== EXERCISE INPUTS ==
********
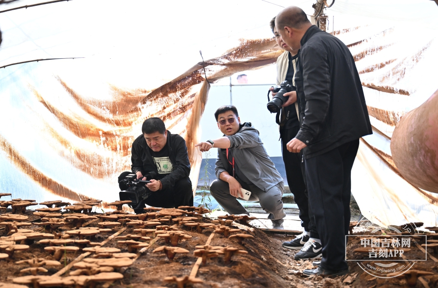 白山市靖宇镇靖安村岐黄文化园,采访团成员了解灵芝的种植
********
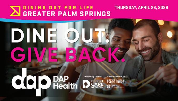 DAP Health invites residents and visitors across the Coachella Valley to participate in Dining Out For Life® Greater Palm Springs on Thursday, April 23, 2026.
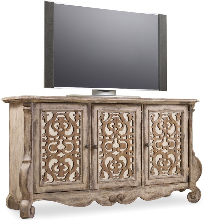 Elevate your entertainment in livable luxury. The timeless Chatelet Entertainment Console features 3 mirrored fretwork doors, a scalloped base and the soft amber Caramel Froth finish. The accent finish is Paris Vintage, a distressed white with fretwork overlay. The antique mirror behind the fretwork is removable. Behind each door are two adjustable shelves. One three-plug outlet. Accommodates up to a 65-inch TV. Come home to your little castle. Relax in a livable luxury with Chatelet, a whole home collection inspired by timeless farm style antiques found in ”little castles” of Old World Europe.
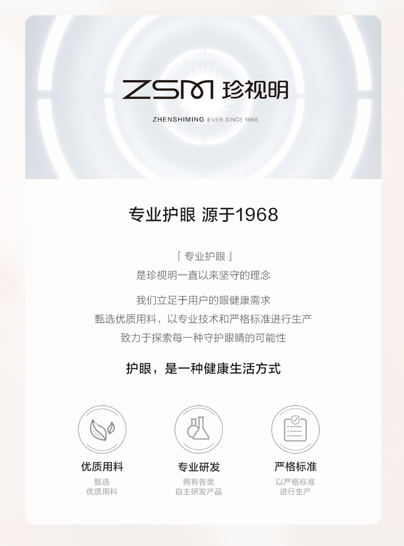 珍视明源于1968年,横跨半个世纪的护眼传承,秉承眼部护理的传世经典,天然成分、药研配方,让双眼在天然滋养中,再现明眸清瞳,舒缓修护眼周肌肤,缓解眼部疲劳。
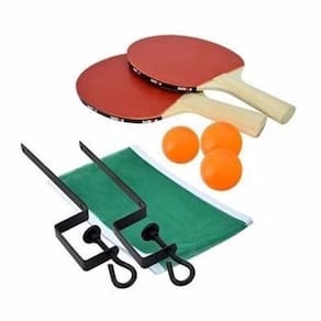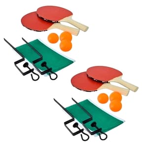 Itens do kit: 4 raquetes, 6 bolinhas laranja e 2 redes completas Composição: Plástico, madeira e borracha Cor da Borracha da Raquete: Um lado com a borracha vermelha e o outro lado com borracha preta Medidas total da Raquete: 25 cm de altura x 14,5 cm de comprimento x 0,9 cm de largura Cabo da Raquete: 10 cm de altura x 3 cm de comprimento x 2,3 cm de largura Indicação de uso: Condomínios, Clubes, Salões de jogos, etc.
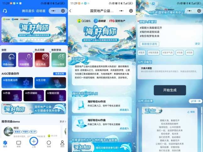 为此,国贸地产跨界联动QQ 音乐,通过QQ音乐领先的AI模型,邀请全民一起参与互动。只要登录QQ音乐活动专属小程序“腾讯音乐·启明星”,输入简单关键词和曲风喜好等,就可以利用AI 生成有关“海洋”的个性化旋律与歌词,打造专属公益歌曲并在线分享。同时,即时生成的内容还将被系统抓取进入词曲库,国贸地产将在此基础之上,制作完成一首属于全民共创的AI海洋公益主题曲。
********
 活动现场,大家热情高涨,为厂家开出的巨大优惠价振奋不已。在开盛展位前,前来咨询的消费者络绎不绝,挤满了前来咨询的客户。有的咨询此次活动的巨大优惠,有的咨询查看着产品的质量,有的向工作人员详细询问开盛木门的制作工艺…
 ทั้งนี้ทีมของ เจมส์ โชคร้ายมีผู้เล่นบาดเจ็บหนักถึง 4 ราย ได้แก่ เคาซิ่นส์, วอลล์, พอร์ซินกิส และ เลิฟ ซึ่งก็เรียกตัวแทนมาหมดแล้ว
********
== WHAT IS NEEDED ==
Excerpt from the records above: set down only the lines from the one that contains "DAP Health invites" through the one that contains "珍视明源于1968年,横跨半", inclusive, word for word. Pictures stay out.

== ANSWER FOR THIS EXERCISE ==
 DAP Health invites residents and visitors across the Coachella Valley to participate in Dining Out For Life® Greater Palm Springs on Thursday, April 23, 2026.
 Elevate your entertainment in livable luxury. The timeless Chatelet Entertainment Console features 3 mirrored fretwork doors, a scalloped base and the soft amber Caramel Froth finish. The accent finish is Paris Vintage, a distressed white with fretwork overlay. The antique mirror behind the fretwork is removable. Behind each door are two adjustable shelves. One three-plug outlet. Accommodates up to a 65-inch TV. Come home to your little castle. Relax in a livable luxury with Chatelet, a whole home collection inspired by timeless farm style antiques found in ”little castles” of Old World Europe.
 珍视明源于1968年,横跨半个世纪的护眼传承,秉承眼部护理的传世经典,天然成分、药研配方,让双眼在天然滋养中,再现明眸清瞳,舒缓修护眼周肌肤,缓解眼部疲劳。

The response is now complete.